Since his break began in March he’s hiked in the Pacific Northwest, visited Germany and Tanzania, volunteered at a Scottish castle and rock-climbed with an Outward Bound group. After Hurricane Florence hit the Carolinas, Schmitt also spent two weeks as a Red Cross volunteer, in a group comprising 80% retirees. He met a former bank CEO who combined volunteering with giving boat tours on the Mississippi and a retired admiral who did several volunteer deployments a year. “It gave me an opportunity to see what was being done – a bit of out-of-the-box thinking on what you do with a purposeful life,” he says.

The other side of the gap

Post-gap, Schmitt plans to return to work, though likely in a less intense role. He says the time off has helped him “think more broadly”. One big priority of his gap stint, says Schmitt, was to spend time with family and friends. But the other was to “really give me ideas for how I might live my next 30 years”. 

Herrmann wants to let older people know they have options beyond cruise ships and package holidays

Herrmann, the Australian who travelled the world, developed a new passion during his gap year, starting with a blog about his travels. The blog turned into a book, My Senior Gap Year, published earlier this year.
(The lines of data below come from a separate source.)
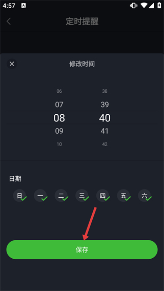 4、在【修改時間】界面,選好提醒時刻與重復日期后,點擊底部【保存】按鈕,完成定時提醒的配置。
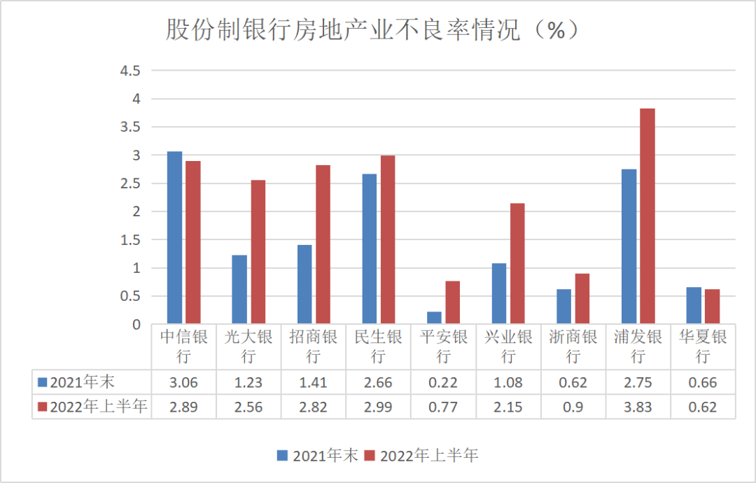 2022年上半年,在房地产业务规模占比均有所下降的情况下,除了中信银行和华夏银行之外,其余七家银行房地产业的不良率都较2021年末出现了增长。 其中招商银行增幅最大,提高了1.41个百分点,光大银行紧随其后,提高了1.33个百分点,浦发银行和兴业银行也都提高了1个百分点以上。
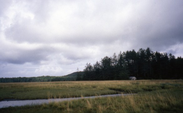 August 26, 1999 The wind blew strongly all day. With no particular reason to hurry, we did not have breakfast until 13:00 hours. I moved the tarp to a slightly more sheltered spot, and braced it with lines and driftwood log anchors. Fortunately the wind has been warm, and rather than driving rain, there’s only the occasional cloud of misty droplets. But it’s gusty enough that we’re getting cat’s paws even on the sheltered waters of the bay; what it must be like out on the open sea is hard to imagine.

He’s also working on an online service that will advise people who want to “live like a local”, as he did in Valencia, as well as include general information about independent travel for seniors. While it’s in the early stages, he believes there is demand and wants to let older people know they have options beyond cruise ships and package holidays, and to help address concerns they might have about choosing a gap year.

“I had all these fears, almost 100 reasons why I shouldn’t do a gap year. ‘I’m too old, I’m travelling alone.’ But this time the gut feeling just said, ‘Shut up, get on and go’.”